The human population of the city of Cali, in Colombia, increased from ~1’400.000 in 1985 to ~3’700.000 in 2018 (DANE, 2018). This increase has been coupled with an increase in municipal waste, putting pressure on current waste management systems. In Colombia, as in most developing countries, organic waste (biowaste) constitutes a large proportion (50-80%) of waste generated under low- and middle-income settings (Troschinetz and Mihelcic, 2009). In Cali marketplace, generated fruit, flower and vegetable residues are currently mainly dumped on landfills and dumpsites (without any treatment), where they increase the risk of groundwater water and soil contamination, rodent infestation, GHG emissions and air pollution from strong odors, which are all potential human health and environmental hazards. This has put pressure on local authorities to explore a comprehensive waste management system that minimizes waste and increases the economic value of waste.

One of the waste management alternatives available is the implementation of anaerobic digestion systems from which renewable energy in the form of biogas is generated with the concomitant production of digestate.

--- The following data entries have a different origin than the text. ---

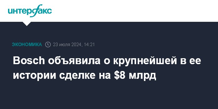 Bosch объявила о крупнейшей в ее истории сделке на $8 млрд
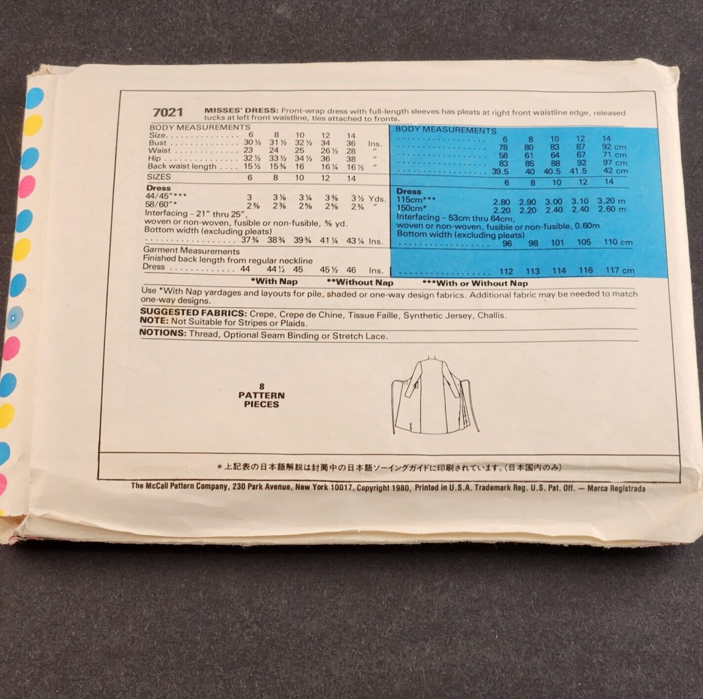 McCall's 7021 Vintage Sewing Pattern Misses Dress Size 12 Bust 34 1980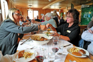 Nun gings zum Zmittag. Auch da erwartete uns eine Überraschung, mussten wir doch die Tische selber decken und das Geschirr wieder zusammenstellen, sonst wären wir zum Abwaschen eingeteilt worden. Die Suppe wurde in einem Kesseli auf den Tisch gestellt zum Selberschöpfen. Auch der feine, bunte Salat kam in einer grossen Schüssel auf den Tisch. Dasselbe beim Hauptgang: Appenzellerschnitzel mit Chäshörnli und Öpfelmues waren sehr schmackhaft! Als Abschluss wurde ein «Schlorzifladen» (Birnenfladen), auch eine Appenzeller Spezialität, mit Kaffee serviert, Espresso gab es keinen! (Dieser war damals noch nicht bekannt)

Besides the benefits, small-scale biogas plants in Colombia are not a commercially viable investment, when biogas is only taken as commercial product. As result this project aims at produce digestate with comparable characteristics to what can be obtained from a waste to energy facility that will treat 54 tons of organic waste each day sourced from central markets in Cali. In order to further assess its uses and commerciality as organic fertilizer becoming an additional revenue source to improve the viability of biogas plants. The different tasks will include:

  1. Conducting monitoring and sampling campaigns of 14 representative feedstock samples to track, separate, typify and quantify organic waste generation at the indicated local marketplaces, during dry and wet seasons. Also, the weekly sampling for the 50 L pilot plan operation.
  2. Characterization of the chemical and physical properties of the organic waste fractions in terms of dry matter and volatiles solids content, carbon oxygen demand, pH and nutrient content (NPK), and identify potentially valuable mixtures that are feasible, based on their temporal dynamics and characteristics.
  3. Assess the biomethane potential under the VDI 4630 German norm of the defined valuable mixtures employing 1L batch systems with online flux monitoring systems.
  4. Subjecting organic waste to anaerobic digestion trials at pilot scale in a 50 L semi-continues stirred tank system (sCSTR) over 6 months to produce the digestate by-product of interest with consistent quality for further characterization.
  5. Characterization of the digestate by-product in terms of dry matter and volatiles solids content, carbon oxygen demand, pH, NPK content and heavy metals presence to determine its nutritional value.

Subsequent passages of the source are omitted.